Yo, como cada año, acudí a la llamada del Santo; pero no encontré la misma agitación, ni siquiera en la cocina, que años atrás bullía en un sinfín de idas y venidas de las cocineras y pinches preparando las viandas para una legión de invitado; unos pocos familiares y el resto amistades de mi sobrino. Este año ni Paulino nos acompañó en la cena, sólo su hermana y su sobrina acudieron a la cita. También me dio la impresión que muchos de los “velaxos” de la diáspora tampoco acudieron a San Lorenzo. Uno de los que no pude saludar como en años anteriores fue a ti, aunque espero y deseo que solamente fuera por motivos logísticos y no de salud. Seguro que el próximo año estrecharnos las manos y, sin mascarilla, podremos charlar de lo divino y humano sin restricciones.
Un fuerte abrazo y espero verte pronto.
Hola Teofichu,
El motivo de faltar a San Lorenzo, por primera vez desde hace muchos años, no ha sido por causa de enfermedad sino más bien por precaución. Además, como tú bien dices y como yo me imaginaba, este año, la fiesta, por razones obvias, no podía ser la de siempre.
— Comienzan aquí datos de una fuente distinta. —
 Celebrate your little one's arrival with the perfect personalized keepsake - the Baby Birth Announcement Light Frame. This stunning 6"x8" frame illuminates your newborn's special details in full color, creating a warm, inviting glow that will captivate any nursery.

Siempre se dice que cualquier tiempo pasado fue mejor; para los que tenemos más pasado que futuro, que duda cabe de que así es. Tú, probablemente, no conociste los San Lorenzos amenizados por los húngaros, pero para mi, sin lugar a dudas, fueron los mejores; muy posiblemente, porque recuerdo tiempos y gentes que ya no volverán.
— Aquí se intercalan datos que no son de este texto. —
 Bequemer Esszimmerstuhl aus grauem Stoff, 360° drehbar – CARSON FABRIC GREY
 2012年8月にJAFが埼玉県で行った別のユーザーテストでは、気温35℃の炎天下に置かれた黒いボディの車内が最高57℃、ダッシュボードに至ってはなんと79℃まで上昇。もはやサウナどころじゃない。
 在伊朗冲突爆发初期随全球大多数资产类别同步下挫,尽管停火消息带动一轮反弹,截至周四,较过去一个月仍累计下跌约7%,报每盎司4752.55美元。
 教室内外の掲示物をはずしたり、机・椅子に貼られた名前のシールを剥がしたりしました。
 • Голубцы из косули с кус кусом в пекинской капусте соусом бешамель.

Espero que el próximo año podamos vernos y darnos un abrazo.
Querido amigo Piorno, que recuerdos tan emotivos me trae tu relato. Los húngaros, aquellos personajes casi míticos de aquellos años, me han hecho volver a vivir un hecho que siempre recuerdo con verdadera pena…Tendría yo unos diez o doce años cuando ese verano falleció mi abuelo paterno, Manuel Gancedo, Moscas . Por aquellas fechas llegaron los húngaros a Villager y cuando todos los chiquillos nos enteramos que iban a actuar en el Postoiro, cerca de mi casa, todos nos revolucionamos esperando poder acudir a disfrutar de semejante evento. Pero por aquellas fechas, los adultos tenían una estrechez de miras increíble. Cuando llegó el momento de la actuación a mí no se me permitió acudir por aquello de que «estábamos de luto», y que dirá la gente si me ven divirtiéndome estando de luto. Estábamos de veraneo, y con nosotros una prima mía tres años más pequeña que yo. Ella si pudo asistir, ya que mi abuelo no era el suyo por ser de la otra rama familiar…. Estuve llorando sin parar todo el día y parte de los días siguientes…. !Que tiempos aquellos! Me duró la pena todo el verano.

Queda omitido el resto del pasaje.